The OBEU model triples are also needed. I uploaded them as well in the staging triple store. But I can only see three datasets. Why is that?

schmaluk commented 8 years ago

@larjohn sorry there was a command missing on my side for the actual execution of the import. Should now be imported

larjohn commented 8 years ago

The following query is returning to many tuples. Why is that?

PREFIX rdfs: <http://www.w3.org/2000/01/rdf-schema#>
PREFIX qb: <http://purl.org/linked-data/cube#>
PREFIX skos: <http://www.w3.org/2004/02/skos/core#>
PREFIX rdf: <http://www.w3.org/1999/02/22-rdf-syntax-ns#>
PREFIX xro: <http://purl.org/xro/ns#>

SELECT  ?dataset ?attribute ?type ?dsd ?component WHERE {

?type rdfs:subClassOf qb:ComponentProperty .

    ?dsd qb:component ?component .
    ?attribute a ?type .
    ?dataset a qb:DataSet ;
        qb:structure ?dsd .
    ?component ?componentProperty ?attribute .

}

Distinct also times out the triple store.

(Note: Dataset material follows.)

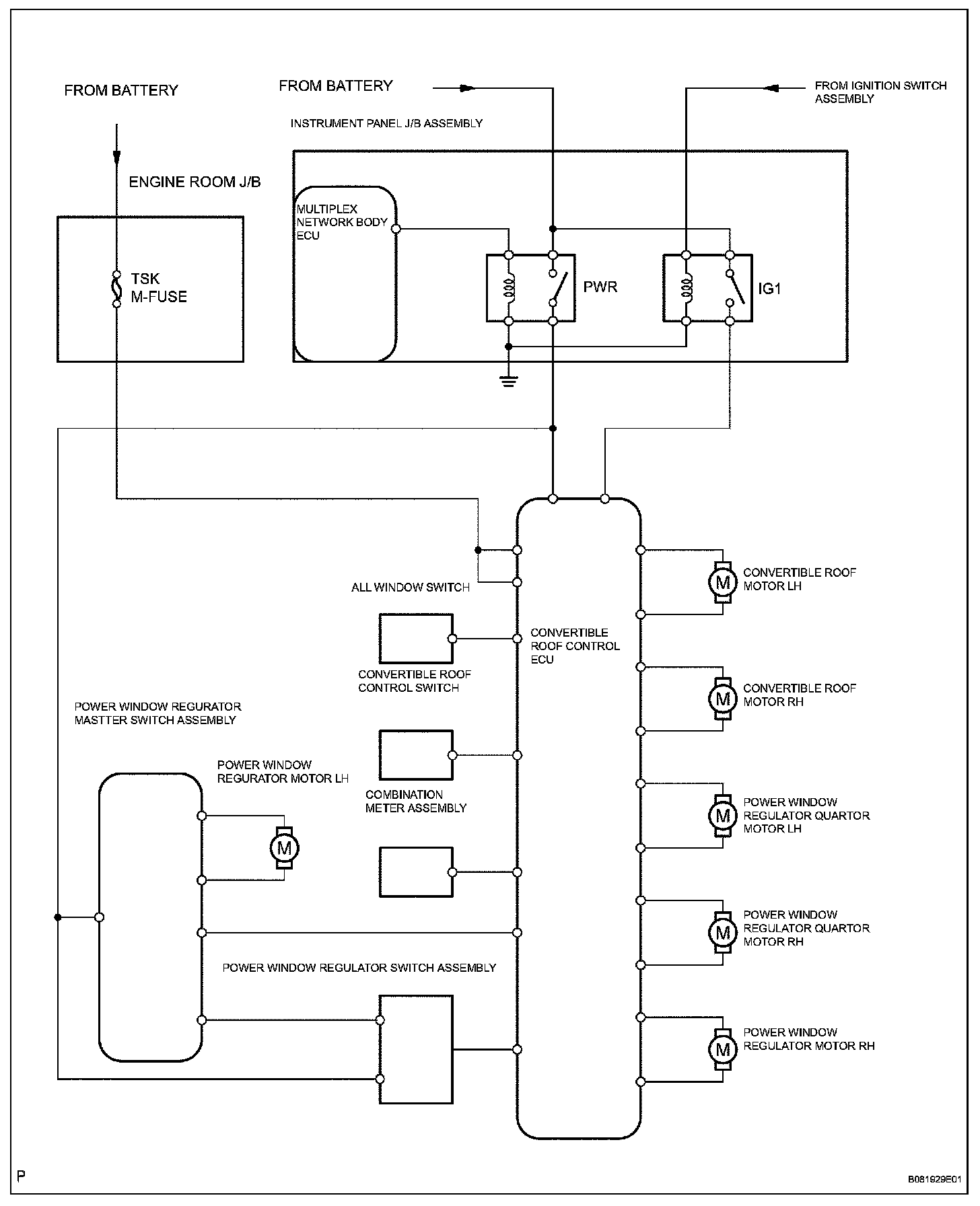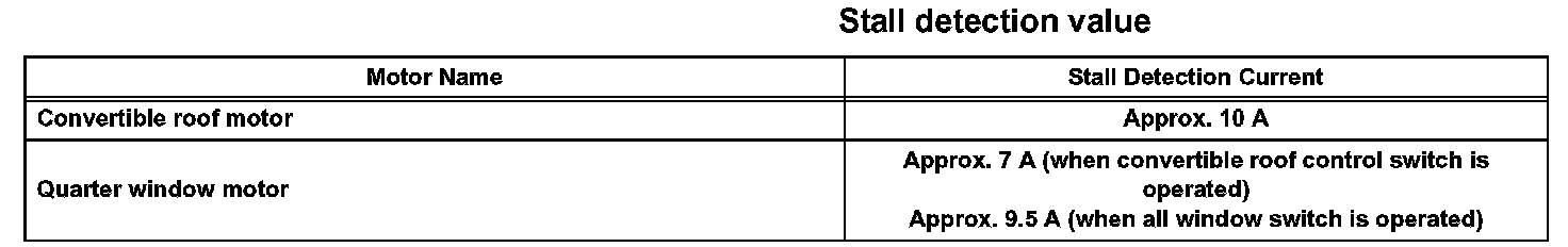 1. The convertible roof control ECU has a function to detect the stalling of the roof motors and quarter window motors by detecting of current (amperage) applied to the motors. When the ECU detects the stalling of any motor, it will stop actuating the motor.

jindrichmynarz commented 8 years ago

What do you mean by "too many" results? Do you mean that there are duplicate solutions for this query?

larjohn commented 8 years ago

Yes, there are duplicates and their amount does not appear to be consistent - I mean there are more or less duplicates for each solution.

schmaluk commented 8 years ago

@larjohn I dont know why the duplicates are showing up but at least running the Sparql-Select with "distinct" has worked for me with the endpoint: http://eis-openbudgets.iais.fraunhofer.de/virtuoso/sparql

larjohn commented 8 years ago

It now runs faster, I will check and report back

schmaluk commented 8 years ago

@larjohn every hour a cronjob is running which copies everything from staging to production by replacing the DB files. During that process a timeout can happen.

jindrichmynarz commented 8 years ago

The "duplicates" have several causes.

First, a component property may be used in multiple qb:ComponentSpecification in multiple datasets. By the way, I don't know what use does including component specifications in the results has, because they are typically blank nodes.

Second, there are component properties that are instances of more than one subclass of qb:ComponentProperty. See:

PREFIX qb: <http://purl.org/linked-data/cube#>
PREFIX rdfs: <http://www.w3.org/2000/01/rdf-schema#>

SELECT ?attribute (GROUP_CONCAT(DISTINCT ?type; separator = ", ") AS ?types)
WHERE {
  [] qb:component [ ?componentProperty ?attribute ] .
  ?attribute a ?type .
  ?type rdfs:subClassOf qb:ComponentProperty .

}
GROUP BY ?attribute
HAVING (COUNT(DISTINCT ?type) > 1)

For each instantiated class, you will get one more result per component property.

pwalsh commented 7 years ago

@badmotor I'm closing this. It must be out of date.